The proportion of patients with diffuse large B-cell lymphoma was 71% of Palestinian Arabs and 41% of Israeli Jews. The proportion of patients with follicular lymphoma was 14% and 28%, respectively. And the proportion of patients with marginal zone lymphoma was 2% and 14%, respectively.
Using data from questionnaires, pathology review, serology, and genotyping, the researchers uncovered potential risk factors for B-NHL common to both populations and other factors unique to each population.
Results
The data showed that, in both Palestinian Arabs and Israeli Jews, B-NHL was associated with:
- Recreational sun exposure (odds ratio [OR]=1.4)
- Black hair-dye use (OR=1.70)
- A history of hospitalization for infection (OR=1.68)
- Having a first-degree relative with a hematopoietic malignancy (OR=1.69).
Smoking was associated with follicular lymphoma in both populations (OR=1.46). And greater-than-monthly indoor pesticide use was associated with diffuse large B-cell lymphoma in both populations (OR=2.01).
There was an inverse association between alcohol use and B-NHL for both populations (OR=0.46).
Among Palestinian Arabs only, risk factors for B-NHL included gardening (OR=1.93) and a history of herpes (OR=3.73), mononucleosis (OR=6.34), rubella (OR=2.86), and blood transfusion (OR=2.53).
Risk factors that applied to Israeli Jews only included growing fruits and vegetables (OR=1.87) and self-reported autoimmune diseases (OR=1.99).

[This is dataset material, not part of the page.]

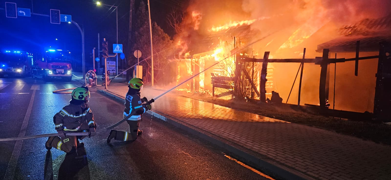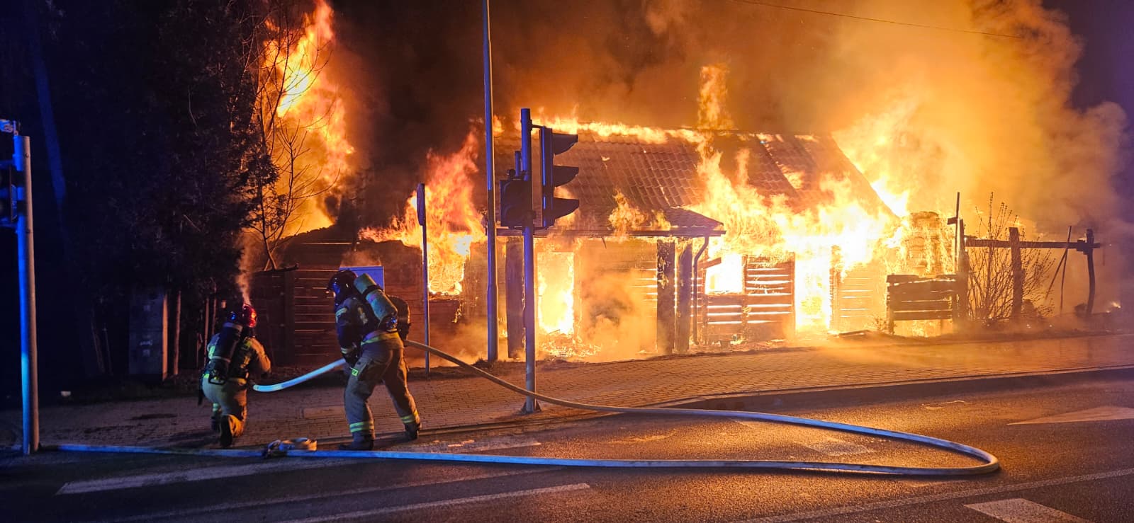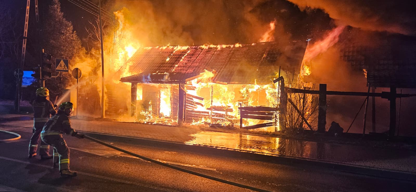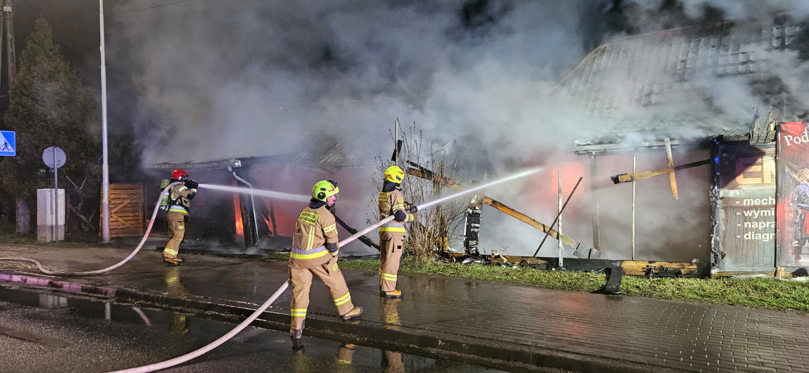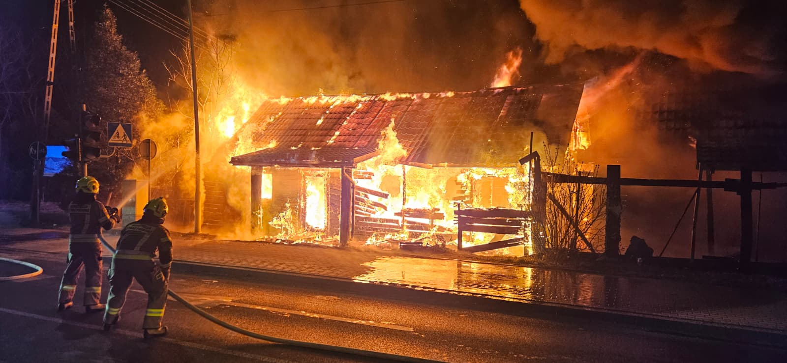 Strażacy zabezpieczyli teren, podali prądy wody na palący się budynek oraz prowadzili działania obronne na część sąsiednią. W trakcie akcji doszło do zawalenia się części konstrukcji, co utrudniało gaszenie i prowadzenie prac rozbiórkowych oraz dogaszanie pogorzeliska.

The researchers said differences in risk factors by ethnicity could reflect differences in lifestyle, medical systems, and reporting patterns, while variations by B-NHL subtypes suggest specific causal factors for different types of disease. However, these findings require further investigation to reveal their mechanisms.
“Apart from the scientific contribution that this research provides in terms of understanding risk factors for NHL, the study entails an important research cooperation among many institutions,” said study author Ora Paltiel, of Hadassah-Hebrew University Medical Organization in Jerusalem, Israel.
“The study provided opportunities for training Palestinian and Israeli researchers and will provide for intellectual interaction for years to come. The data collected will also provide a research platform for the future study of lymphoma. Epidemiologic research has the potential to improve and preserve human health, and it can also serve as a bridge to dialogue among nations.”